Standing stone, Timoney Hills, Co. Tipperary
Co. Tipperary |
Stone Monuments
Scattered across the undulating pasture of a Tipperary estate are the remnants of what was once one of the largest concentrations of standing stones in Ireland, and yet one particular stone, designated 5Y1 on a 1930s survey map, has simply vanished.
No surface trace remains where it was recorded standing. That absence is, in its own way, as interesting as the stones that survive.
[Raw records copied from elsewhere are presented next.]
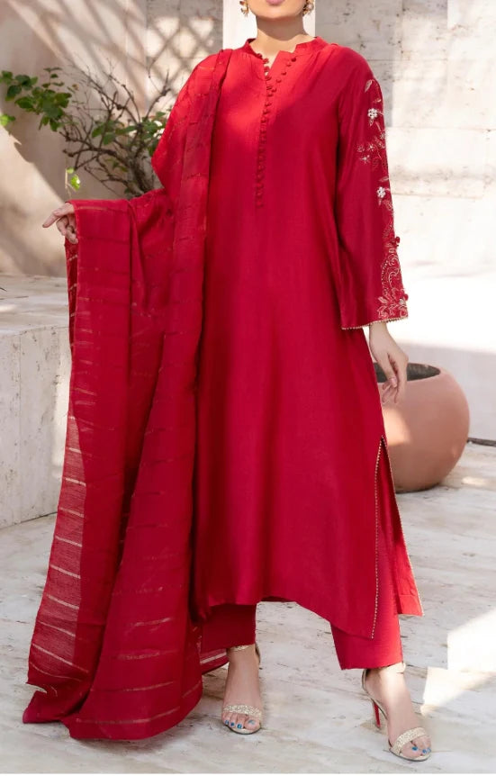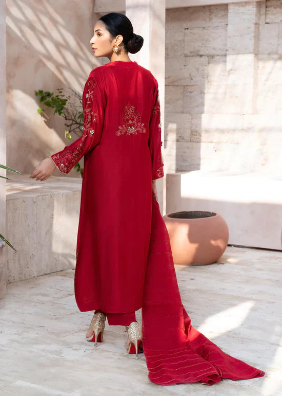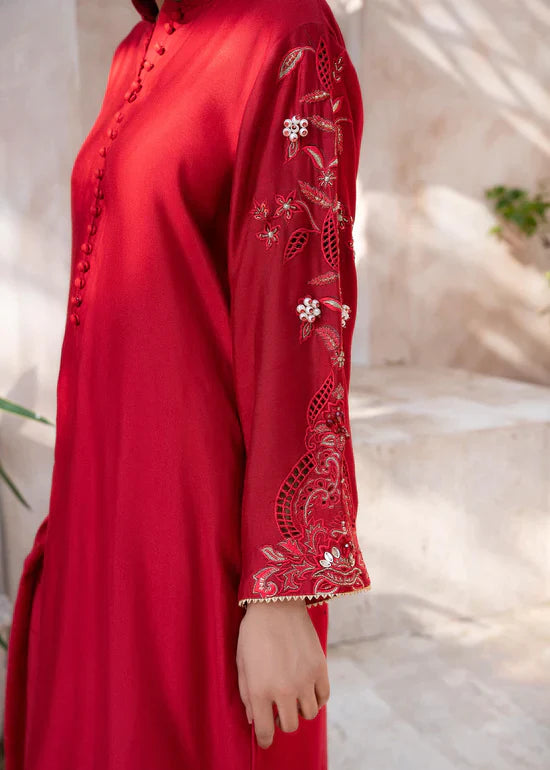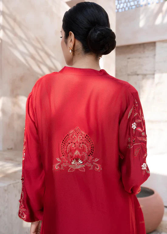 A rhapsody of red intricate with geometric embroidery design with Sequins and thread work design along with Handcraft of Crystals, Sheesha moti, and White Pearls to make the ensemble more classic with Rawsilk Pants. Embrace the traditions with our stunning festive collection!
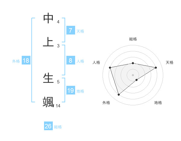中上 生颯さんの総格は26画の2点!
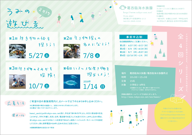 kasai_asobiya@tokyo-zoo.net宛に、件名を「海のあそびや」とし、本文に参加希望者の氏名(ふりがな)・学年(年齢)・性別・住所・電話番号を記入してお送りください。
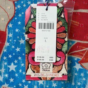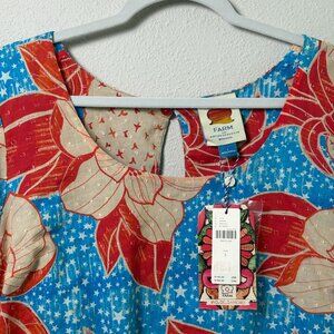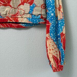 Farm Rio x Anthropologie Puff-Sleeve Bubble Blouse Size L Orange Blue Floral NWT
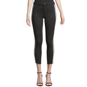 High waisted. Skinny crop leg. Raw edge hem. 2 - 1/2" wide, crystal side-stripes.
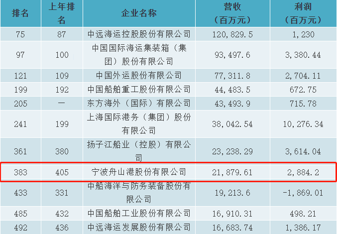 7月10日晚,财富中文网发布2019《财富》中国500强排行榜,11家中国上市港航船舶企业入围500强榜单,公司以218.7961亿元的营业收入,列“500强”第383位,较上一年度提升了22位,其中在上市港航船舶企业中排名第8位。
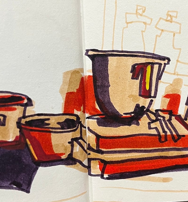 In my current sketchbook I’m trying really hard to be experimental with my colour palettes. Very different to how I normally work which is both fun and frustrating. Learning a lot.
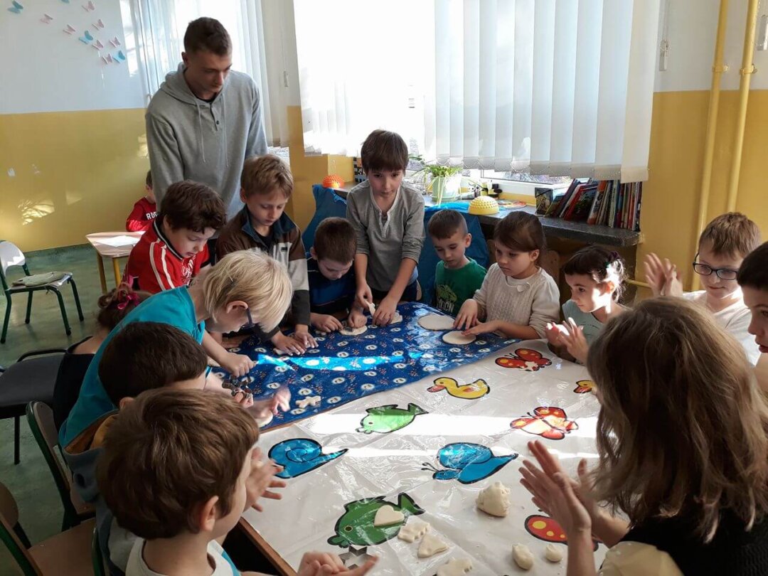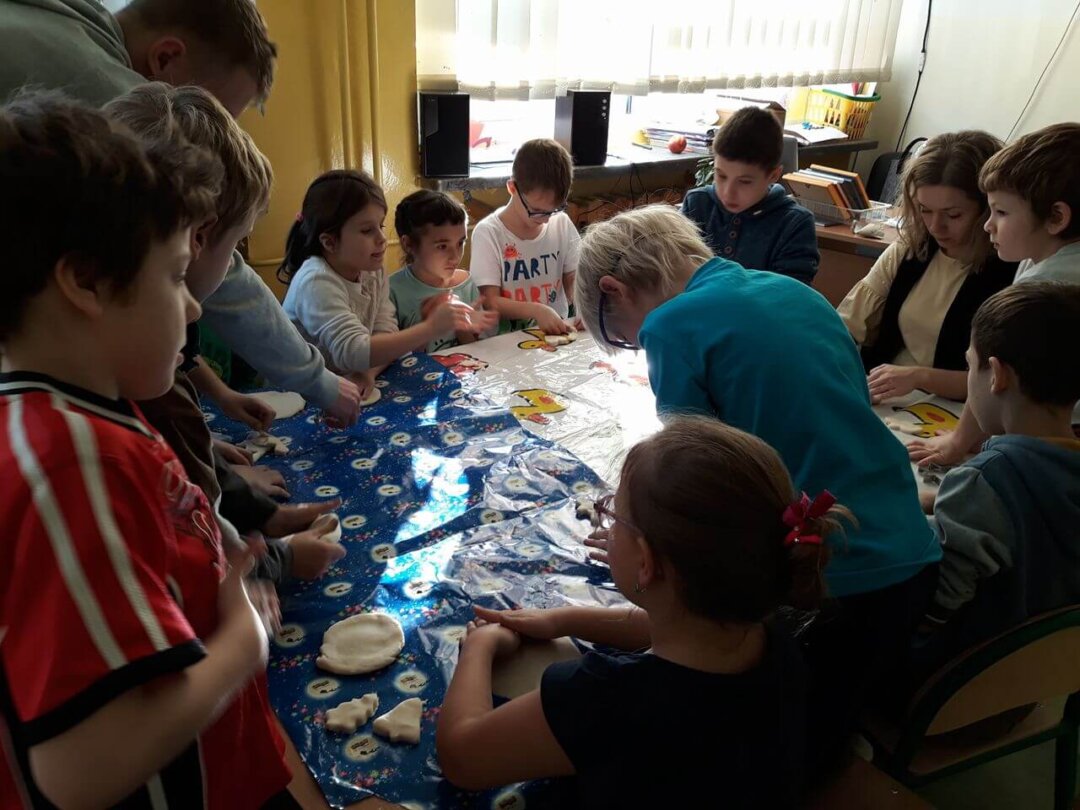 Pewnego popołudnia świetlica zajęła się masową produkcją „pierniczków” z masy solnej. Chętnych do pracy nie brakowało. Wygląda na to, że nasze świetlicowe dzieciaki polubiły tę przedświąteczną zabawę. Zrobione przez nas „pierniczki” wyglądały tak apetycznie, że aż chciało się je zjeść. Jednak zamiast tego będzie można je kupić na naszym świątecznym kiermaszu 🙂

The Timoney Hills complex spans two adjoining townlands, Timoney Hills and Cullaun, and the scale of what once existed here is genuinely difficult to account for. When the Inspector of National Monuments recorded the site between 1934 and 1936, he counted 221 stones still in place, 173 in Timoney Hills and 48 in Cullaun, all of red sandstone or conglomerate, standing between roughly 0.9 and 1.8 metres above ground. He noted that the stones did not appear to follow any particular arrangement, with the exception of one stone circle in Cullaun. A later survey published in the Archaeological Survey of Ikerrin mapped as many as 245 stones in total, along with five cairns, and recorded that 70 of the stones and all five cairns had by then been removed. The attrition, in other words, had been going on for some time before anyone thought to count what remained. What complicates the picture further is that these stones sit within the landscaped grounds of Timoney Park, the estate of the Parker-Hutchinson family, and that context has led some researchers to question whether the monuments are genuinely prehistoric or whether at least some of them were arranged or introduced during the ornamental landscaping of the estate. The question has not been definitively resolved, and it gives the whole site an ambiguity that a more straightforward megalithic monument would lack.